2.1 Dissociation of terminology from concept handling: Because of the
necessary biases of the library sciences, and their reflection in information
system design, some fundamental distinctions are not adequately preserved. The
point is perhaps best made with data records on "world problems":
(a) Many problems are only fuzzily defined. There is no standard terminology.
Some require one (and usually more) strings of terms to capture the range of
words used to name them. New strings may have to be added from time to time
to reflect current intellectual fashions. Some may have to be deleted as sub-problems
or variants are separated out of that initially identified.
(b) Problems are of course named with different strings of words in other languages.
(c) Computers are least efficiently used when records do not have a unique
identifier. There is merit in separating the concept identifier from the names
or descriptors which may from time to time be attached to it. Concept management
may thus be kept distinct from data management.
(d) The challenge of classifying and re-classifying the set of "world problems"
is a continuing one. There is not necessarily any final solution. There may
be a range of temporary solutions. Classification exercises should be kept separate
from concept management and data management.
2.2 Insight capture. Clearly there is advantage in distinguishing the
problem of data capture, handling and retrieval from information handling and
retrieval. But much is assumed about the quality and value of "information",
when already there is a problem of information overload. From the mass of information,
there is a need to distinguish:
(a) Insights: A greater stress is needed on what might be called "insight capture",
which has much to do with the question of tools to facilitate comprehension.
Unless the user is able to learn while using, he will unable to respond to information
beyond the "mechanical" response to the question asked. Here I have been interested
in the potential of metaphor and leitbild.
(b) Perceptions: In dealing with "world problems", "acid rain" is an interesting
example, the distortions to which information is subject to serve various vested
interests (including protecting the reputations of eminent scientists) need
to be borne in mind.
(c) Concepts: With the increasing constraints on resources and learning time,
there is merit in distinguishing key concepts from the mass of other forms of
information. The question might be asked for each discipline what are the contents
of concept sets relevant to different levels of competence -- given that a key
individual in an institution may only be able to master a level below that which
is considered desirable by relevant professions (which may be less than disinterested
in defining what is desirable).
2.3 "Harmonization". There are many hidden problems in the stress placed
upon the term "harmonization". There is a long track record of clever ways and
reasons by which harmonization has been avoided. The challenge faced by ACCIS
in dealing with over 300 UN databases would make a valuable case study, if the
political background could be revealed. Some are political, some are to do with
psychological resistance to other peoples empire-building tendencies, etc. Unless
these issues are clarified, any future proposal will be vulnerable -- just as
the ACCIS initiatives have always been vulnerable and undermined.
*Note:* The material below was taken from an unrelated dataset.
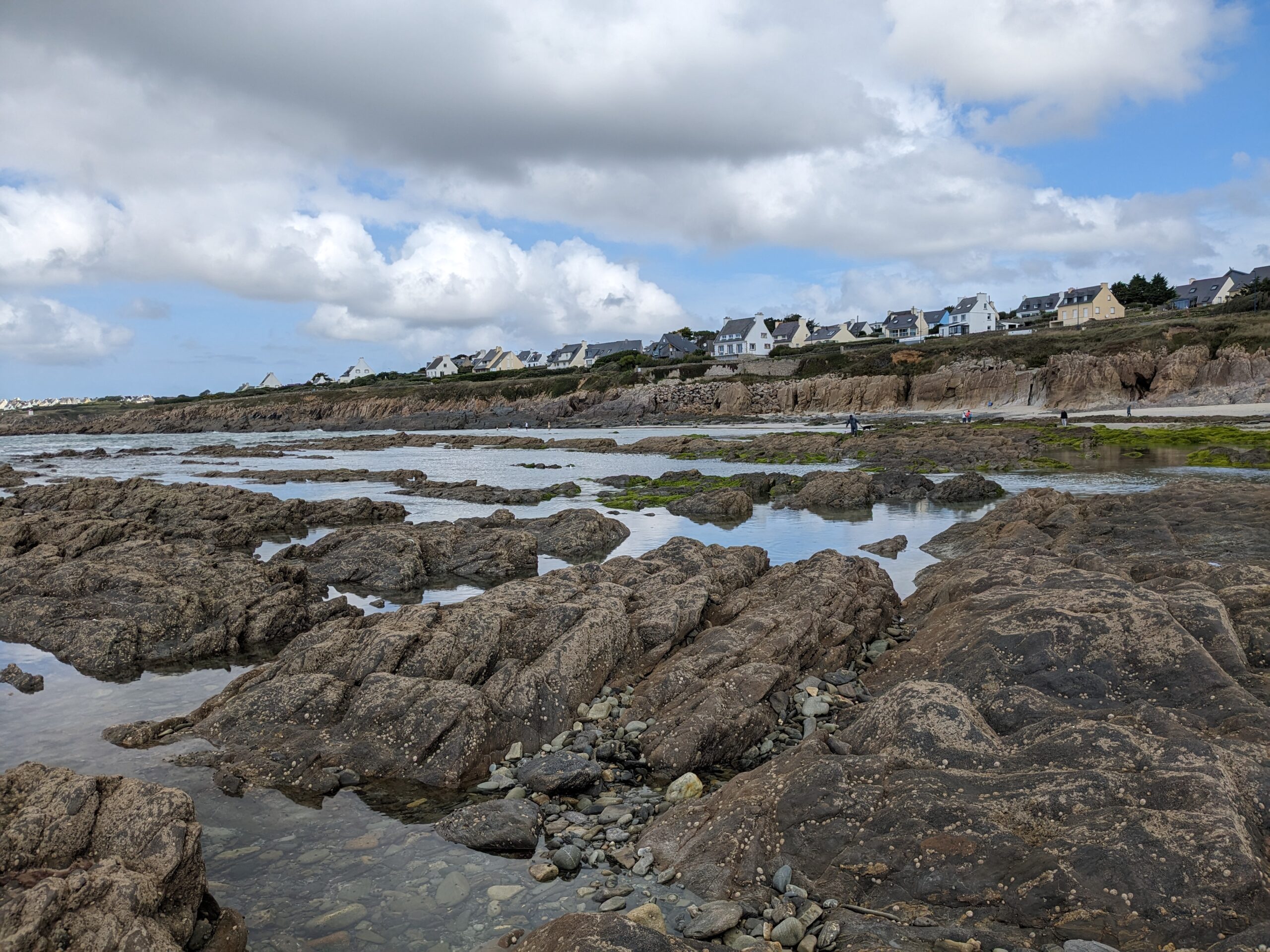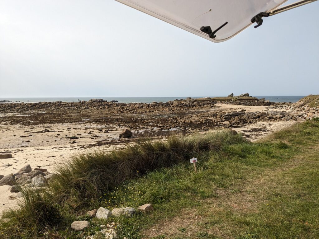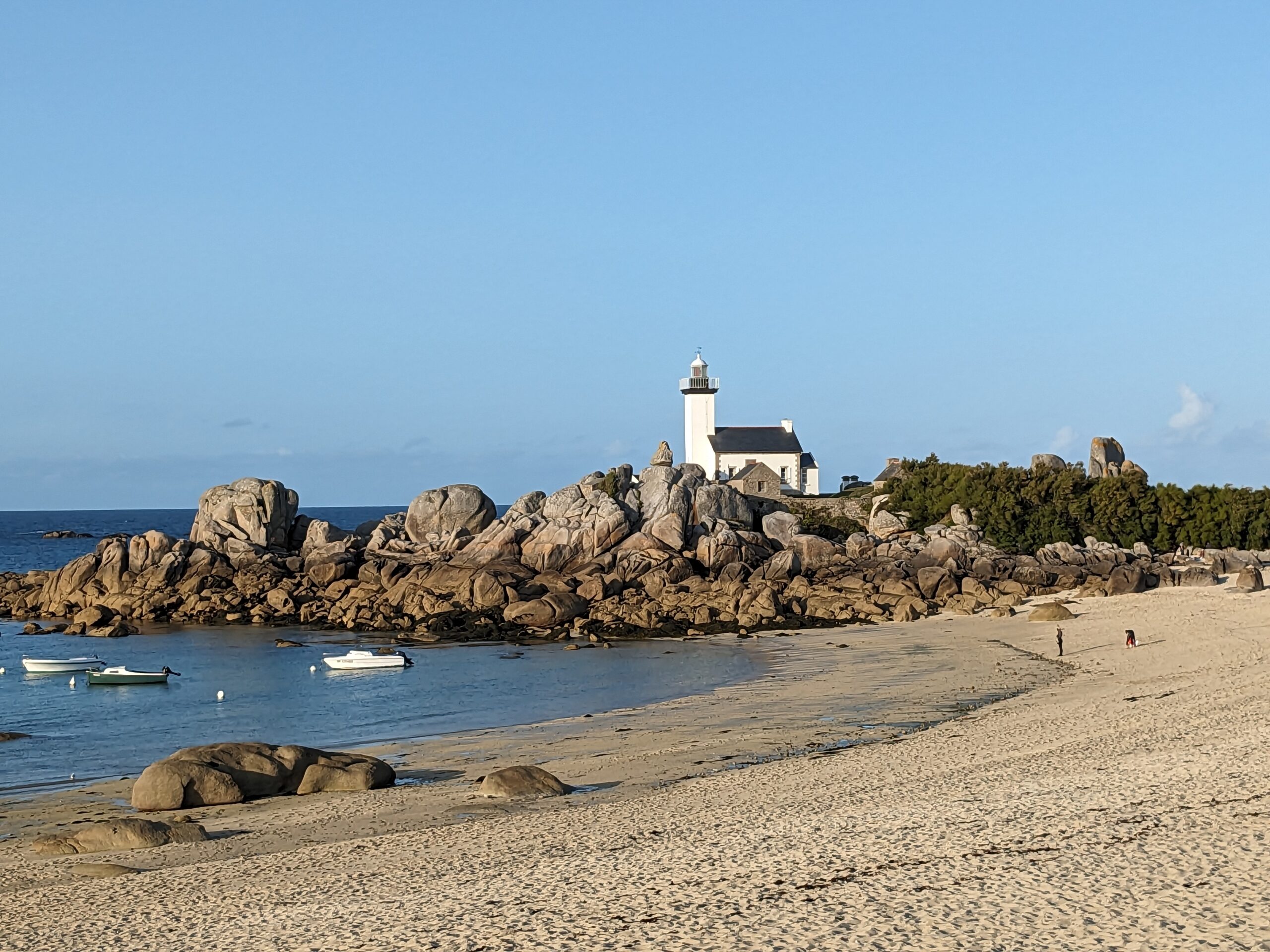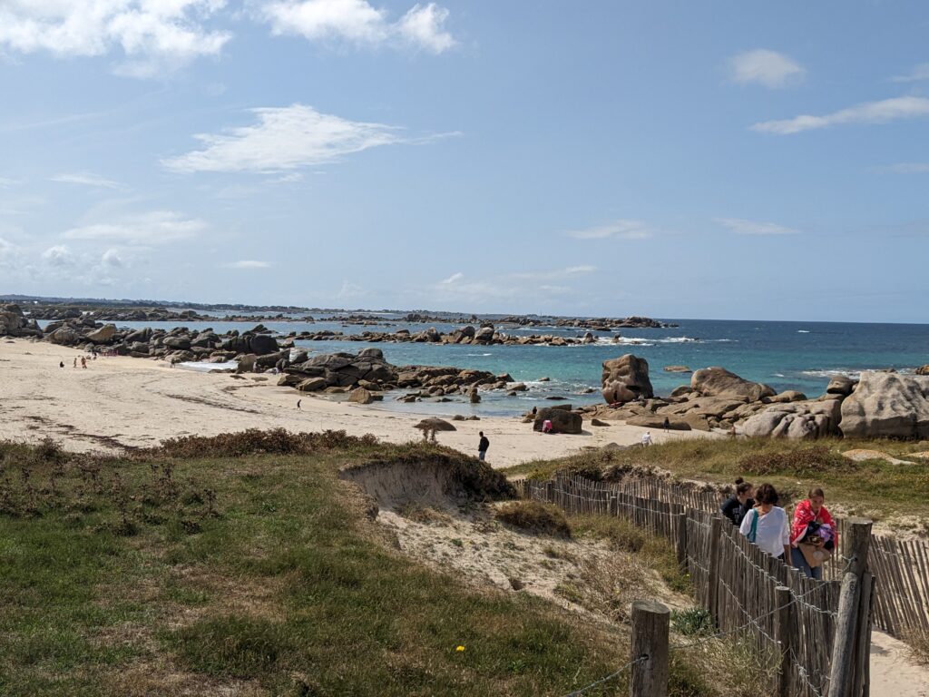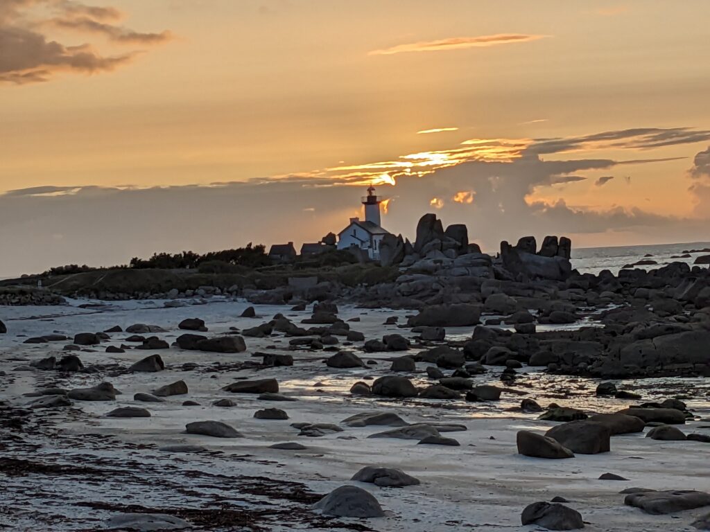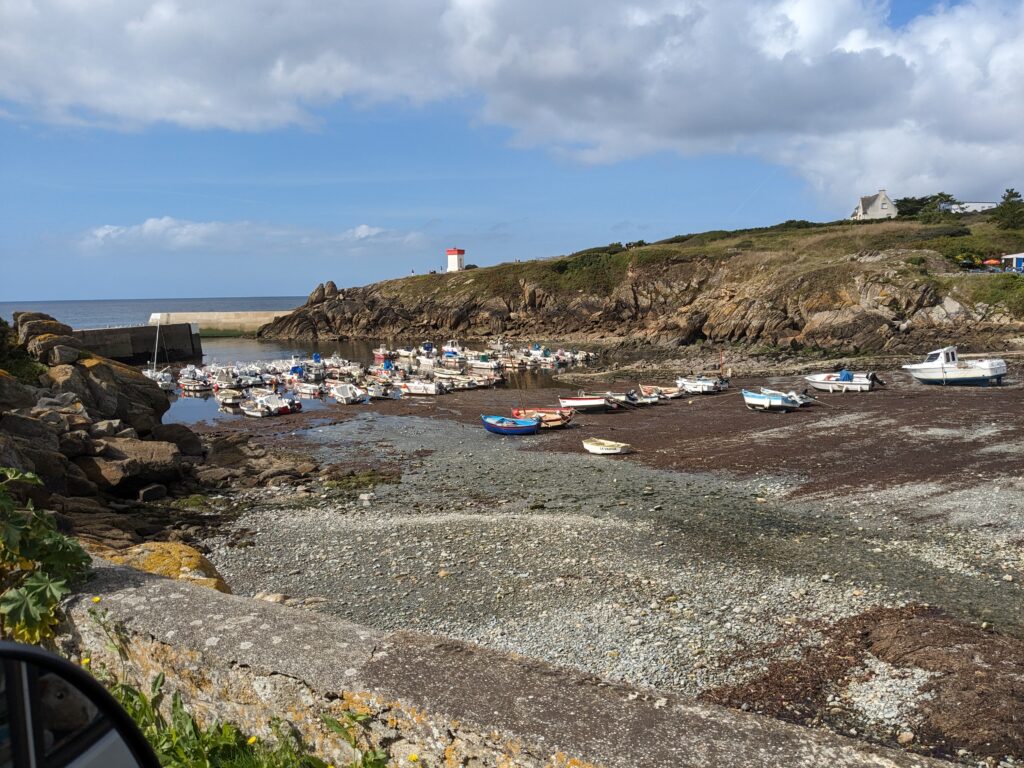 Das Wetter ist prima und um 10:30 starten wir. Ralf hat einen schönen Camping municipal bei Poulfoën direkt am Meer gefunden, ca. 20 km sind es bis dort. Als wir allerdings dort eintreffen, ist es kurz nach 11:00 und der wirklich freundliche Platzwart erklärt uns, dass jetzt bis 15:00 Mittagspause ist, wir können auf dem Parkplatz warten, aber er hat auch viele Reservierungen. Ist zwar sehr freundlich, aber nicht hilfreich. Wir können ja nicht über 3 Stunden warten, um dann doch nur einen schiefen Platz in der 2. Reihe zu bekommen (und die sind wirklich schief!). Also beschließen wir die Küste weiter zu fahren, grobe Richtung Brest. Da wir kein frisches Baguette haben, stoppen wir am nächsten Intermaché. Hier gibt es Stellplätze, eine Entsorgung und einen Waschsalon. Aber so verzweifelt (oder dreckig?) sind wir noch nicht. Also weiter. Nächster Stopp, Mittag an einer Traumbucht mit Traumstrand. Irgendwann entdecken wir bei Maps einen Air der Campingcar bei Meneham. Irgendetwas klingelt da bei mir. Meneham, Museumsdorf. Wir fahren hin (nochmal 21 km) und die Entscheidung ist super. Der Stellplatz ist gut, die Küste super und Meneham niedlich. Wir verbringen einen schönen Nachmittag, lösen einen Labcache (Brunnen heißt puits). Loggen den Bonus und einen Tradi, dann zurück zum Wobi. Da hat sich ein Kastenwagen direkt neben uns gestellt, obwohl noch überall massig Platz ist. Also parkt Ralf demonstrativ um. Nach dem Abendessen satteln wir die Räder und fahren zum Phare de Pontueval. Hier lassen wir die Räder stehen und laufen 1,5 km zum Canadian-Point, um noch einen weiteren Labcache zu lösen. Dann die 1,5 km wieder zurück. Der Sonnenuntergang ist nicht wirklich spektakulär. Also geht es zurück zum Stellplatz. Die Bilanz heute ca. 41 Km gen Westen, 2 Labcaches, 1 Bonus, 1 Tradi, viele tolle Aussichten und 13702 Schritte. Na, dann Gute Nacht.

2.4. Potential of new technologies. Implementation of software techniques
to enable the user to navigate through the system whilst retaining an understanding
of the whole. There are impressive new developments from Xerox PARC -- beyond
"windows" to "walls" and "rooms". Virtual reality may also make a great difference
in a very short time, especially with the advantages for CD-ROM. However it
is very clear that investments are made in response to market needs, and the
need for non-specialized access is not considered a priority. It would be easy
to argue that investments are made in response to quantity needs and not to
quality needs. They are made in such a way as not to threaten the positions
of experts seeking to protect their domains. Experience suggests that the more
international, interdisciplinary, intersectoral, or sensitive-beyond-established-boundaries,
a project is defined to be, the less probable the funding (especially on a long-term
2.5 Priorities. There is much hype about the information society and
the global village. Many still aspire to a "global brain", or claim that it
already exists. The issue in any new project, constrained by resources, is how
to ensure innovative results for modest investment. An interesting example in
relation to the environment is the creation of a database on all species (whether
plant or animal) and their relationships in order to track vulnerability to
pollution, risks to food webs, endangered species, etc. Given the number of
species, an easy response is that such a project is not feasible. However valuable
approximations to the desired result may be achieved by using higher level clusters
of species (classes, families, etc), only extending into specific species where
resources and interest justify the work. No such database appears to exist,
although clearly it may be made as simple as resources require whilst still
retaining an overview -- however lacking in detail. Such a project is an interesting
challenge of CD-ROM and for data visualization, including virtual reality representations
of food webs with threatening factors.
3.1 Mission statement: As noted above, it is important to be aware of
the factors opposing harmonization, especially those that cannot be printed
in widely circulated reports. There is also a questionable assumption that policy-making
bodies are anxious to receive harmonized information. Policy-making bodies in
fact are usually relieved to be able to take advantage of lack of harmonization
to pursue policies that might otherwise be more readily challenged (cf "acid
rain"). Is it certain that "sound management" is the real desire of policy-making
bodies? There is merit in reflecting what happened to previous ambitious projects
of this nature operating across institutional boundaries within the intergovernmental
system. Briefly the techniques used were: failure to implement, implementation
under a watered-down mandate, redefinition to a narrower mandate, reduction
of budgets, appointment of incompetent personnel, restriction on exchange of
data, effective opposition to any harmonization (implementation of different
bibliographic standards, incompatible computer systems, etc). ACCIS and its
predecessors (IOB, TABS) merit study in that light. UNISIST and UNBIS also merit
reflection. Why is there no UN system-wide documentation system, including the
Specialized Agencies? Why has it proved impossible to extend this to other intergovernmental
3.2 Scope of data: It is always possible to demonstrate that "no other
group holds data on..." by suitably specifying criteria. There remains the question
of to what extent HEMIS starts incorporating environmental data from domains
of other institutions (eg health, education, labour, etc) -- despite the views
of those bodies.
3.3 Standard pleas: It is important to be aware of the tendency of international
meetings to make standard pleas for further action, without the action in fact
being necessarily wanted (eg who would say no to a bibliography, a newsletter,
or another meeting?). A distinction should be made between:
(a) what users say they want
(b) what users will really use on a regular basis
(c) what users want but are unable to name (but usually find themselves obliged
to pay expensive consultants or intelligence services to locate)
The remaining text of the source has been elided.